Pour l'instant, je vais poursuivre ma recherche avec l'idée des randonnées (merci pour celle-ci), à la rentrée de septembre, quoique sans trop y croire vu le peu que j'offre, et s'il y a miracle, il sera temps de choisir entre finir ou non cette déconstruction… Je n'en suis pas là, ma recherche me semble impossible, mais j'ai déjà ces questions… teintées, donc, de ce "ah oui, y'a pire" qui me fait m'imaginer que je suis "encore un qui croit avoir des problèmes"… et c'est probablement vrai.

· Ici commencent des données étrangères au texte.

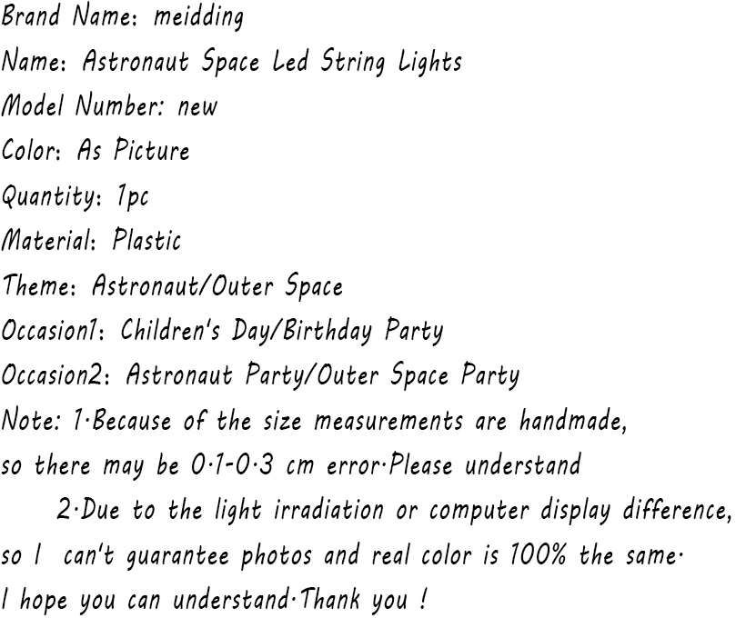 Бренд: meiddingНазвание: светодиодная гирлянда космонавтаНомер модели: новыйЦвет: как на фотоКоличество: 1 шт.Материал: пластикТема: космонавт/космическое пространствоПовод 1: день детей/вечерние рожденияСлучай 2: вечевечерние НКА космонавта/Вечеринка в космосе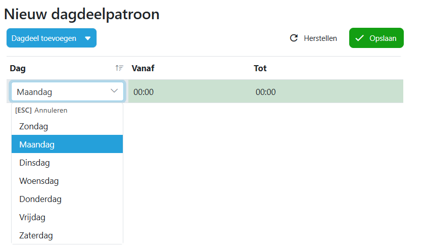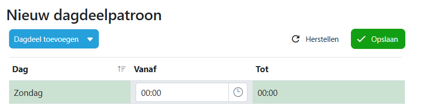 Had je nog geen patronen aangemaakt, dan kun je uit de kaartsoort via de Beheer knop achter deze optie direct naar het Dagdeelpatronen beheer om er eentje aan te maken. Als je de dropdown dan ververst via Verversen kun je deze meteen gebruiken voor je inrichting.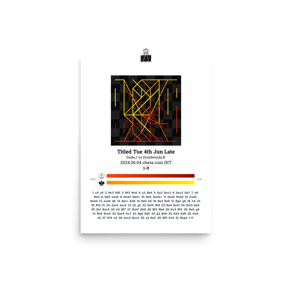 Museum-quality poster on thick, durable matte paper. A sharp, clean look for any chess visualisation.

Merci pour votre lecture ; et si vous avez des réponses qui vous paraissent utiles, merci aussi pour elles.

Guillaume.

PS : Pardon pour les blagues et les images, je sais que parfois on prend cela pour un manque de sérieux ou de respect, voire des longueurs dispensables ; ce n'est pas le cas et je ne comprends pas ceux•lles qui disent ça… mais je suis sûr que vous aurez aussi lu mon sérieux. Je pourrais encore purger, pour faire deux fois plus court, mais vous ne me verriez plus, moi, l'incorrigible rieur, qui est autant comblé que troué. J'ai simplement appris à rire de tout pour éviter de pleurer pour un rien (je cite mon père : "un homme, ça ne pleure pas", tandis que je le faisais dans les bras de ma mère, après une énième raclée non avouée au collège ; comprenez que si je conclus sur ça, c'est pour expliquer d'où me vient ce besoin pathologique d'aimer et d'être aimé, pour effacer la haine de mes tourmenteurs du collège et compenser l'amour très bien caché de celui qui m'a partagé son chromosome Y).